• _Task description_
When the line containing "(¬3) أثر صحيح." is found in the data below, copy it and each line after it through the line containing "Heute beträgt der", exactly and with no others.

• _Material for this exercise_
============

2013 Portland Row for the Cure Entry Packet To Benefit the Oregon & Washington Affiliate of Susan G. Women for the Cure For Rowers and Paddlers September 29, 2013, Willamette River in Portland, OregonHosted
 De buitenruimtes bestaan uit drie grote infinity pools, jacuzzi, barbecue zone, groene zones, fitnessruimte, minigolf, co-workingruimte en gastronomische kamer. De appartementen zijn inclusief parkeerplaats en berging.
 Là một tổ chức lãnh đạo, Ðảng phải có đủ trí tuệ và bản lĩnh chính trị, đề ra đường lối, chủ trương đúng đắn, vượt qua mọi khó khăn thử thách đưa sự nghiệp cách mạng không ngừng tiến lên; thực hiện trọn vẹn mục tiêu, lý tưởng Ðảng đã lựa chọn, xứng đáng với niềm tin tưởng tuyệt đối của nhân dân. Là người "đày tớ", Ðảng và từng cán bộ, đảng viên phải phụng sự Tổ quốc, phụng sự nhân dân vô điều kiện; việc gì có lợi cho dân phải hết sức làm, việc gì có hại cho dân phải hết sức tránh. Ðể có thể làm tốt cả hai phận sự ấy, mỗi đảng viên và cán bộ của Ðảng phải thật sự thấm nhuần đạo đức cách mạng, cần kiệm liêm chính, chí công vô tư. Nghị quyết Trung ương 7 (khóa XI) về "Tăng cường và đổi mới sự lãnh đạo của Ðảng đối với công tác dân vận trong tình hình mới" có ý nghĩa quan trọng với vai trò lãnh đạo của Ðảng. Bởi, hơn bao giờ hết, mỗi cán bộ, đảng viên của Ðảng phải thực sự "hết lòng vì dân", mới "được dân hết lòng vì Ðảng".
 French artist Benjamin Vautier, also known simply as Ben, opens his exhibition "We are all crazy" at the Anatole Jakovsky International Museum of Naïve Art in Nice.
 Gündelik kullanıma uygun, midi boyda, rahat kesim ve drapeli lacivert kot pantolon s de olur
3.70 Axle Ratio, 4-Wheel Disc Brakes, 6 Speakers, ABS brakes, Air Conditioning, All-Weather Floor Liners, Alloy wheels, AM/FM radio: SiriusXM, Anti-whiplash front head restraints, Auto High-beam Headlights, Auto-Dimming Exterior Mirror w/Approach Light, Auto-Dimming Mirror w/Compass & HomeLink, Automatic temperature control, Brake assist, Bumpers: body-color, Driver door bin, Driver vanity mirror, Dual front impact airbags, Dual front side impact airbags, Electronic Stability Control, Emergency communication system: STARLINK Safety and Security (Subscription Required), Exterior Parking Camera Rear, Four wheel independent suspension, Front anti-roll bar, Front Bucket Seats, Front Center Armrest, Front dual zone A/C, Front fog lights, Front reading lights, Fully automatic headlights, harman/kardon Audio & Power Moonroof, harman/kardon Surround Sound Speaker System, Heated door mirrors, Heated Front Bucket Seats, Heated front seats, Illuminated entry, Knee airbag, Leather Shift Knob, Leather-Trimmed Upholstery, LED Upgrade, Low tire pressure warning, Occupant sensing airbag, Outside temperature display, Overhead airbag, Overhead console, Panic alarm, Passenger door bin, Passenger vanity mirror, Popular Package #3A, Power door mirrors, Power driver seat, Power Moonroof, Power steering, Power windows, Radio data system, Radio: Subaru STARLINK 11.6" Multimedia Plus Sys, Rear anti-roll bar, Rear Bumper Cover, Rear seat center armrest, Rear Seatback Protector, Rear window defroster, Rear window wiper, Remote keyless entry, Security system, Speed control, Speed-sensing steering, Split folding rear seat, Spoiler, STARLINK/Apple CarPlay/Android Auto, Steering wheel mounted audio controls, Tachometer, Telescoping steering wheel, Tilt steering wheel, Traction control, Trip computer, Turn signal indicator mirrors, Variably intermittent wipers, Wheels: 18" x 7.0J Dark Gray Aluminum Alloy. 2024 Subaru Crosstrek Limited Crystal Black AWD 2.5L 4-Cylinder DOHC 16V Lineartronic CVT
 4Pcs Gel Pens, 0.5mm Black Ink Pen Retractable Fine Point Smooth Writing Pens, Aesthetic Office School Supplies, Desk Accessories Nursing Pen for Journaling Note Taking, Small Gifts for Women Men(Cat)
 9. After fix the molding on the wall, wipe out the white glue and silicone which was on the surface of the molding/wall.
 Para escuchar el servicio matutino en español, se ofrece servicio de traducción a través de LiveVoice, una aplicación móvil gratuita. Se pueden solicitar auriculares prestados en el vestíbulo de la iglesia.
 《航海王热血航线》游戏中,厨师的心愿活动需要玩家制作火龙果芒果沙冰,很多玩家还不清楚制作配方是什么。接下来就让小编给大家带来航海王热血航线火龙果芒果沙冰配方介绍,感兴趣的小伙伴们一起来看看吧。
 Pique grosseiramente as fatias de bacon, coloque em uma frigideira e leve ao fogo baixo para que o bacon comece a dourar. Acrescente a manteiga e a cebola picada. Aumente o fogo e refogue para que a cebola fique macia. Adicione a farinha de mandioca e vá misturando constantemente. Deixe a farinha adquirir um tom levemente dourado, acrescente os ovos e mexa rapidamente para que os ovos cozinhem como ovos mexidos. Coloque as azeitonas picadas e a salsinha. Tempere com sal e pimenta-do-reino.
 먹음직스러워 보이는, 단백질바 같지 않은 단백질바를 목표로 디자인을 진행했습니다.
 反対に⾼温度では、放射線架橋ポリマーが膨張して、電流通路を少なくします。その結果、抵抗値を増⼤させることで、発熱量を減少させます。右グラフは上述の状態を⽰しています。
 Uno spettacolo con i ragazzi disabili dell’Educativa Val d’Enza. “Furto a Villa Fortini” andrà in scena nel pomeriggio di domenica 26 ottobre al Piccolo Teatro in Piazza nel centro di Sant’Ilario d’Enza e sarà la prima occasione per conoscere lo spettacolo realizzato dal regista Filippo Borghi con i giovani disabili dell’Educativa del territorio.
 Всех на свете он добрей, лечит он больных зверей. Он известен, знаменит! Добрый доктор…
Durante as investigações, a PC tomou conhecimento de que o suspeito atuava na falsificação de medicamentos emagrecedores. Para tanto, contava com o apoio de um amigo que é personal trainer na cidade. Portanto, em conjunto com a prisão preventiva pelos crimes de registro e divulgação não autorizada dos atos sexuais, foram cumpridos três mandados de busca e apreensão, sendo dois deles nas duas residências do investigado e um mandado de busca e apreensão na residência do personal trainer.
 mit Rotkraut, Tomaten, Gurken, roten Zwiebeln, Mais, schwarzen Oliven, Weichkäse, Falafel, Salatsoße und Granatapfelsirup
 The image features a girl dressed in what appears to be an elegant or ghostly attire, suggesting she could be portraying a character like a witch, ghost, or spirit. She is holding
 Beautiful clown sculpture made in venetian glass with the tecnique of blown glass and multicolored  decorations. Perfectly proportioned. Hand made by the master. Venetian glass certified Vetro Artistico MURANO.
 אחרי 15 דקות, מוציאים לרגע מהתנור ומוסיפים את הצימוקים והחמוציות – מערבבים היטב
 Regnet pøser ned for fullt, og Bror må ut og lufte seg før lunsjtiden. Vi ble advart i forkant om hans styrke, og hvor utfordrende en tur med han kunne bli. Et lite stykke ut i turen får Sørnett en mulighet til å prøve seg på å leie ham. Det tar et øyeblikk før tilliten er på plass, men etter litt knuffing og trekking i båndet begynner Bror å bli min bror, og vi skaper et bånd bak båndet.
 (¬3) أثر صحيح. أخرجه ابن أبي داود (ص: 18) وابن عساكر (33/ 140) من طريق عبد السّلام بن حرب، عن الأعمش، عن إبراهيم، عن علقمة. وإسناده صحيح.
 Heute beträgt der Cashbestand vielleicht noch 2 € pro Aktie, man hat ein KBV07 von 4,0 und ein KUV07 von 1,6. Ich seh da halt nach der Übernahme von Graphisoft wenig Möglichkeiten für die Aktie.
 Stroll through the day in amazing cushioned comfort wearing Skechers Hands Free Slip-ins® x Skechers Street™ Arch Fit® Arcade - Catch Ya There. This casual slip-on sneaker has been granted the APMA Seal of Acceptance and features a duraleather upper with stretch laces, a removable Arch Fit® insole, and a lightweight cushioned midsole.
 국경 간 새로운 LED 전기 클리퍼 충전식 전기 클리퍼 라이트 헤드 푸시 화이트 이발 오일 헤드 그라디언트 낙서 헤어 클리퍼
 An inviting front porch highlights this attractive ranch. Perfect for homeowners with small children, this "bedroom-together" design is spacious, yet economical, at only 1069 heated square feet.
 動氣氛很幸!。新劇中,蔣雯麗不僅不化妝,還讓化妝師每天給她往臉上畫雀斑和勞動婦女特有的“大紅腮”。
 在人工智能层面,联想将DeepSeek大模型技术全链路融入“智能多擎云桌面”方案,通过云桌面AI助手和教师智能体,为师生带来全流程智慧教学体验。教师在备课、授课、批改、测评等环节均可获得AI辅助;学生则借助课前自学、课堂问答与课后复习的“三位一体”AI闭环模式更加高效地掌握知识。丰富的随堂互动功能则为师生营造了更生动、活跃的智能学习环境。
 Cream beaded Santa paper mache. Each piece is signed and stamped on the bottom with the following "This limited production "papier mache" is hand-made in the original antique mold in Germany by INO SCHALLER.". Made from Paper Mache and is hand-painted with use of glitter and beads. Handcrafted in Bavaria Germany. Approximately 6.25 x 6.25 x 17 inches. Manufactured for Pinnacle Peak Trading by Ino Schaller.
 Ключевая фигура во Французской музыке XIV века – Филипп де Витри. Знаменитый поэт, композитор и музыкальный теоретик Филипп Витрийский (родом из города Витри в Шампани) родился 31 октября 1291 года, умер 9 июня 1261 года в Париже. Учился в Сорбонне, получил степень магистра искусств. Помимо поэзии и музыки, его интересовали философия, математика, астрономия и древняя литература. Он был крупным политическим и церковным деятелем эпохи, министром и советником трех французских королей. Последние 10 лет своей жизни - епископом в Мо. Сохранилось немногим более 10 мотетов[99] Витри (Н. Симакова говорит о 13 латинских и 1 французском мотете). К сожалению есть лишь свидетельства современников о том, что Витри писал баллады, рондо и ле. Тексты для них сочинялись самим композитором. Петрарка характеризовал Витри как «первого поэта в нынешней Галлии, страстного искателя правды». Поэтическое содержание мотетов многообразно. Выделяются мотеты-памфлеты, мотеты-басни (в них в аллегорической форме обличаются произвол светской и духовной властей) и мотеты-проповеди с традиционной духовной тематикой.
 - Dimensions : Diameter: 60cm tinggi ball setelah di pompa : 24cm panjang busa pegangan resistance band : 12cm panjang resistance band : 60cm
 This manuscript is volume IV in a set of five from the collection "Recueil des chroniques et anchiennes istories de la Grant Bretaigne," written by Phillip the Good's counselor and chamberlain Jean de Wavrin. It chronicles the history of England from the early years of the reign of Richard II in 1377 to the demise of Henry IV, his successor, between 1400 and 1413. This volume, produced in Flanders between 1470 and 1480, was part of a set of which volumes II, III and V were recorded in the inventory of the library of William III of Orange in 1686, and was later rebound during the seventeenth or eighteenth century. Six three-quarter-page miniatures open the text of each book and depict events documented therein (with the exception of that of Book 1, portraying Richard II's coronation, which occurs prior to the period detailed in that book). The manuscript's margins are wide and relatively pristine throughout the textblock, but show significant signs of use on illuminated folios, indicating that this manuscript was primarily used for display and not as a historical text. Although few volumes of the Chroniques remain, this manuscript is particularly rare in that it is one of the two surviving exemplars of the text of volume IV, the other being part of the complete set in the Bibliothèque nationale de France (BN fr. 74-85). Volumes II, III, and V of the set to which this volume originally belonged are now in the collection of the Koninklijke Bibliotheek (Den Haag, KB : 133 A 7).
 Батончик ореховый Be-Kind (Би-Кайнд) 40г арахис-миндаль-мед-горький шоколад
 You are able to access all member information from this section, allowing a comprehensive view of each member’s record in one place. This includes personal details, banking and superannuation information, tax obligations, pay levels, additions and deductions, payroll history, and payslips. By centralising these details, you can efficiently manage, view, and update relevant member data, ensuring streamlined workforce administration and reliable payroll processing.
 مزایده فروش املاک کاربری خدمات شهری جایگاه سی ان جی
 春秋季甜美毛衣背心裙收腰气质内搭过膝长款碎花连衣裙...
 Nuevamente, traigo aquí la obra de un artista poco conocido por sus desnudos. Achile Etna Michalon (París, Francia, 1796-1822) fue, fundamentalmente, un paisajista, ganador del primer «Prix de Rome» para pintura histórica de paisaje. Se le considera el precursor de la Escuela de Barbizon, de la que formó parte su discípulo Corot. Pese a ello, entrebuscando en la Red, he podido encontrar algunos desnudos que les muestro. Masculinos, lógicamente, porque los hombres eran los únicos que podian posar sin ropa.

============

• _Task output_
 (¬3) أثر صحيح. أخرجه ابن أبي داود (ص: 18) وابن عساكر (33/ 140) من طريق عبد السّلام بن حرب، عن الأعمش، عن إبراهيم، عن علقمة. وإسناده صحيح.
 Heute beträgt der Cashbestand vielleicht noch 2 € pro Aktie, man hat ein KBV07 von 4,0 und ein KUV07 von 1,6. Ich seh da halt nach der Übernahme von Graphisoft wenig Möglichkeiten für die Aktie.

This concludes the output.